We previously showed that SIX3 expression in pseudoislets from juvenile human donors aged 0.5–2 yr (which lack SIX3 expression) was sufficient to stimulate insulin secretion in vitro (Arda et al. 2016); however, transcriptome studies were not performed. To assess changes of gene expression stimulated by SIX3, we misexpressed a SIX3-FLAG transgene in pseudoislets from two juvenile donors (ages 1.5 and 3 yr) (Fig. 6C; Supplemental Table S1). Flow cytometry and western blotting verified and quantified expression of transgenic SIX3-FLAG (Supplemental Fig. S7A–C). qRT-PCR analysis of purified β cells showed a reduction in GCG levels and an average increase of INS mRNA levels following SIX3 misexpression (Fig. 6D), as previously reported (Arda et al. 2016). RNA-seq of purified SIX3-FLAG+ INS+ β cells (Materials and Methods) confirmed reduced mRNAs encoding GCG, HK2, MYC, TMEM236, MBOAT4, RUNX2, GREM2, and NPNT, mRNAs found increased after SIX3kd in primary β cells (Supplemental Fig. S7D; Supplemental Table S10). Thus, SIX3 gain- and loss-of-function studies here produced reciprocal changes in expression of multiple genes, supporting the view that SIX3 suppresses adult β-cell expression of gene sets expressed abundantly in fetal or neonatal β cells, or in adult α and ε cells. We conclude that SIX3 reinforces mature β-cell function, in part, by suppressing fetal gene expression programs and alternative islet cell fates (Fig. 6E).

Human β-cell expression of SIX2 is reduced in islets from T2D donors

It remains unknown whether the expression of SIX2 or SIX3 changes in islet β cells obtained from T2D patients. We found that both SIX2 and SIX3 mRNA appeared to be reduced in purified whole islets from subjects with established T2D (n = 4), compared with islets from nondiabetic controls (n = 7) (Fig. 7A; for donor information, see Supplemental Table S1).

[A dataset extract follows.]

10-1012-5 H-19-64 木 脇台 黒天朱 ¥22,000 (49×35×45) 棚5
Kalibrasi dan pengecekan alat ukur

In contrast, expression of GPD2 and LEPROTL2, previously found up-regulated in prior studies (Segerstolpe et al. 2016), was unaltered in T2D islets (Fig. 7A).

Figure 7.

SIX2 expression is reduced in β cells from T2D donors. (A) Gene expression levels in whole islets from nondiabetic (ND; gray bars) (n = 5) or type 2 diabetic (T2D; red bar) (n = 3). (B) Heat map showing DE genes in nondiabetic versus T2 diabetic β cells. (C,D) Box plots displaying TPM counts of SIX2 (C) and SIX3 (D) in nondiabetic (ND) (n = 5) β cells (dark-gray bars) and α cells (light-gray bars) or type 2 diabetic (T2D) β cells (red bars) and α cells (dark-red bars) (n = 3). (E–G) Box plots displaying TPM GCGR (E), MAFB (F), and CDKN1C (G) in β-cells of ND (n = 5) and T2D (n = 3), the expression of which is DE in adult β cells post-SIX2kd. (Gray bars) Çontrol, (green bars) SIX2kd. (H) Insulin secretion of ND (n = 5) versus T2D (n = 3; see the Materials and Methods). (I) Plot of the total area under the curve of the released insulin. The data in A are presented as mean; error bars represent the standard error. Box plots show the mean. (Red *) P ≤ 0.01, (black *) P < 0.05.

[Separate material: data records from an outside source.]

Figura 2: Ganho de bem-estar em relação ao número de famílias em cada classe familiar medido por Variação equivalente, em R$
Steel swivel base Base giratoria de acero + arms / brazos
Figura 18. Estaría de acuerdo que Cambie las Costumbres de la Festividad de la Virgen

Bulk RNA-seq from FACS-purified α and β cells was used to assess SIX2 and SIX3 expression in β cells (Fig. 7B–D; see the Materials and Methods). Transcriptome analysis confirmed significant reduction of SIX2 mRNA in purified β cells from T2D islets compared with β cells from control islets (P ≤ 0.01) (Fig. 7B–C; Supplemental Table S11), while SIX3 mRNA levels were not significantly changed (Fig. 7D). Thus, SIX2 expression was reduced in β cells in islets from cadaveric T2D donors. Moreover, β-cell regulation of SIX2 and SIX3 in these T2D islets was uncoupled. We also detected little to no expression of SIX2 and SIX3 in purified α cells from control or T2D islets (Fig. 7C,D). In addition to reduced SIX2 expression in β cells, we also noted impaired expression of SIX2 target genes, including MAFB, GREM1, GCGR, and CDKN1C, a candidate T2D risk gene (Fig. 7B,E–G; Supplemental Table S11). Consistent with our studies of impaired insulin secretion after SIX2kd (Fig. 1G), glucose-stimulated insulin secretion studies revealed impaired insulin secretion by islets from subjects with T2D compared with nondiabetic controls (Fig. 7H,I; see the Materials and Methods).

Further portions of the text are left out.